One in three families living in fuel poverty in parts of Suffolk, shock figures show

May 21, 2013

Categories: Community Buying | Rural issues

Vulnerable families are “struggling to survive” it was warned last night after figures revealed one in three families live in fuel poverty in parts of Suffolk.

More than 50,000 – or 16% – of Suffolk families suffered from fuel poverty in 2011, according to the latest government figures.

A household is recognised as living in fuel poverty if more than 10% of its total income is spent on heating.

Suffolk Coastal wards Walberswick and Wenhaston experienced fuel poverty rates of 35.4% in 2011, while nearby ward Yoxford had a rate of 35.2%.

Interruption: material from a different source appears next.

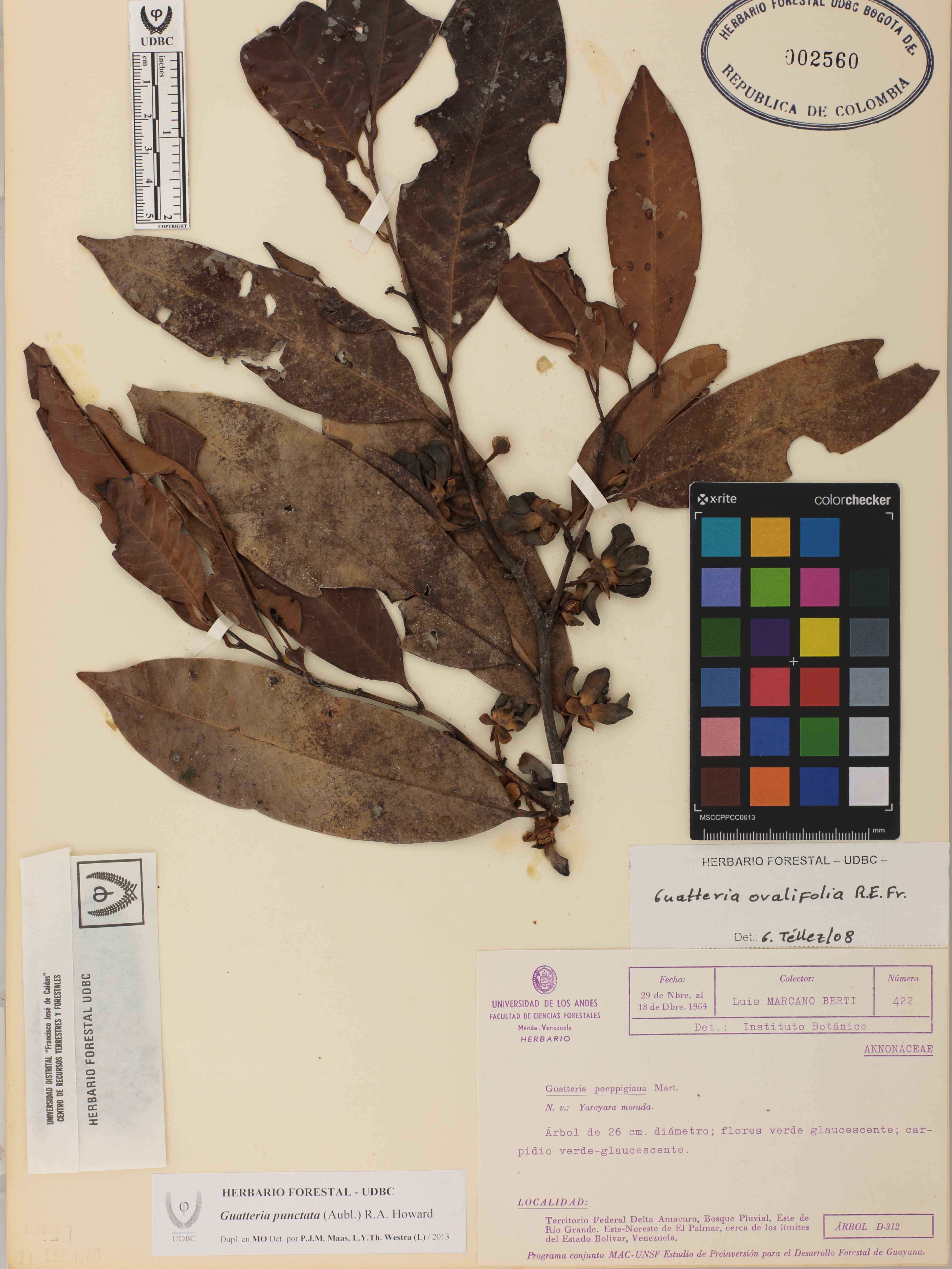 Fotografía del ejemplar Marcano, L. 422, determinado como Guatteria punctata en el año 2013

Mandy Abdel-Aziz, operations manager at Suffolk Foundation, said more than 700 families have signed up to its Surviving Winter and Warm Homes Healthy People initiatives, which supports families with funding during the winter months.

“We have seen a huge demand from people who are suffering from fuel poverty. People are in dire straits. It’s a desperate situation for a lot of people,” she added.

“People are huddling up in one room and can’t use water to drink or wash. People are struggling to survive.

“And these are not just people on benefits but people in part-time work or temporary employment. They are not getting consistent work.

“It’s a bleak picture but it’s reality. I think it is only going to get worse as energy bills continue to rise.”

The figures, released yesterday by the Department of Energy & Climate Change, showed 51,574 of 310,832 Suffolk families were suffering from fuel poverty.

More than one in five families were classed as living in fuel poverty in areas of Ipswich, including Holywells and St. Margaret’s wards.

Helen Taylor, information manager at Age UK Suffolk, said: “Worryingly, these latest figures show that the number of households in fuel poverty has remained stubbornly high.

“Many of them older people who are particularly vulnerable to the cold.

“Cold homes face a serious risk to people’s health, increasing costs to health and care services to treat worsened cardiovascular and respiratory conditions, and contribute to the high numbers of older people we see dying over the cold winter months in the UK.”

Figures from energy comparison website uSwitch showed annual gas bills had soared from £370 in 2003 to £799 in 2013 in Suffolk, while electric bills had shot up from £237 to £540.

Roger Turkington, a member of Community Action Suffolk, said the era of low energy bills was over.

“These are very worrying figures and are compounded by the rise in the cost of living and energy prices, which have doubled in the last 10 years and will continue to rise,” he added.